S’il refuse ce partage, pas de tiers payant : il devra avancer les frais et sera remboursé uniquement sur la base du prix d'un transport partagé. "Avec ma maladie, si je prends la voiture avec quelqu'un qui a un rhume ou une grippe, ça peut m'être fatale", s'inquiète Fatou.
Thierry lui a connu le covoiturage sanitaire après un accident du travail il y a quelques années. La pose d'une orthèse l'oblige à recourir au transport médical et il choisit de faire appel à des véhicules sanitaires légers (VSL). Il partage la voiture avec trois autres personnes.
"Avec ma jambe j'avais des difficultés à m'asseoir. Le chauffeur me poussait pour me faire rentrer et m'a coincé la jambe pour ne plus que je bouge. On était traités comme du bétail", se souvient-il. Depuis qu'il sait que la Sécurité sociale peut prendre en charge ses déplacements médicaux en taxi, il n'a recours qu'à Mehdi et ne souhaite plus revenir en arrière.
Un casse-tête logistique
Au volant, Mehdi acquiesce. Co-président de la Team Taxi, une association représentative de la profession, il rapporte ses observations de terrain sur les réseaux sociaux. En décembre dernier, il a fait partie des taxis manifestant contre le projet de loi instaurant le covoiturage sanitaire.

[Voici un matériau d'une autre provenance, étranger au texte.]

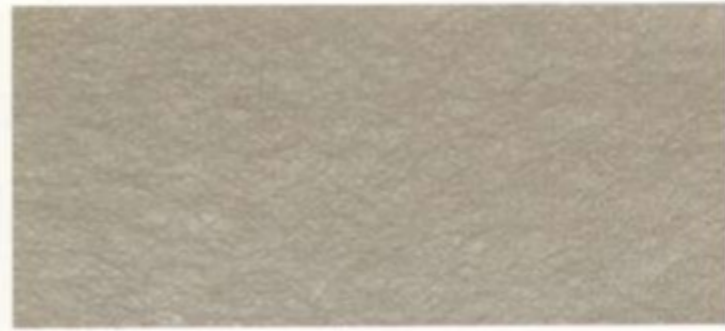
washi-finish aluminum (standard)

"Ça ne marchera pas, balaye-t-il. Entre celui qui va pour une chimio qui doit à être à 7h à l'hôpital, le nombre de kilomètres, la circulation, le planning du médecin, la machine qui peut être en panne : c'est ingérable." Le covoiturage concerne aujourd'hui 15 % des transferts sanitaires. D'expérience, Medhi sait que cela entraîne des détours, des retards et des patients qui peuvent être mécontents à la fin de la course.
"Si ce sont des personnes qui vont à la même heure, au même endroit, avec des médecins qui vont les prendre à l'heure, nous on dit oui ! Mais on sait très bien que ça ne sera pas le cas", finit-il par lâcher, excédé.
Financièrement, Mehdi et les autres taxis indépendants ne seront pas impactés par la mesure. Le prix de la course restera le même. Mais, il craint pour l'essence de son métier : la relation entre lui et son client. "Moi je trouve du sens à amener quelqu'un dans de bonnes conditions et de le voir content quand je le dépose".
100 millions d'euros d'économies par an
Avec ces plateformes et la rationalisation du transport sanitaire, le ministère veut réaliser 100 millions d’euros d’économie par an. Car pour les auteurs du texte de loi, ce transport pèse trop lourd dans les caisses de l’Assurance maladie : 5,5 milliards d’euros en 2022, avec 65 millions de trajets réalisés par les taxis et VSL.
"Il y a sûrement des économies à faire dans le domaine de la santé ou du transport, mais ça ne peut pas se faire au détriment du lien et de l'humain", défend Mehdi.
Le gouvernement assure que cette mesure ne s’appliquera que lorsque le transport partagé est possible et autorisé par le médecin. Mais quelles malades seront concernés ? Combien de personnes devront-ils transporter ? Comment fonctionneront les plateformes de réservation ? Les taxis en sauront plus le 12 janvier. Ils sont invités au ministère de la Santé pour une mise au point sur toutes les modalités d’application.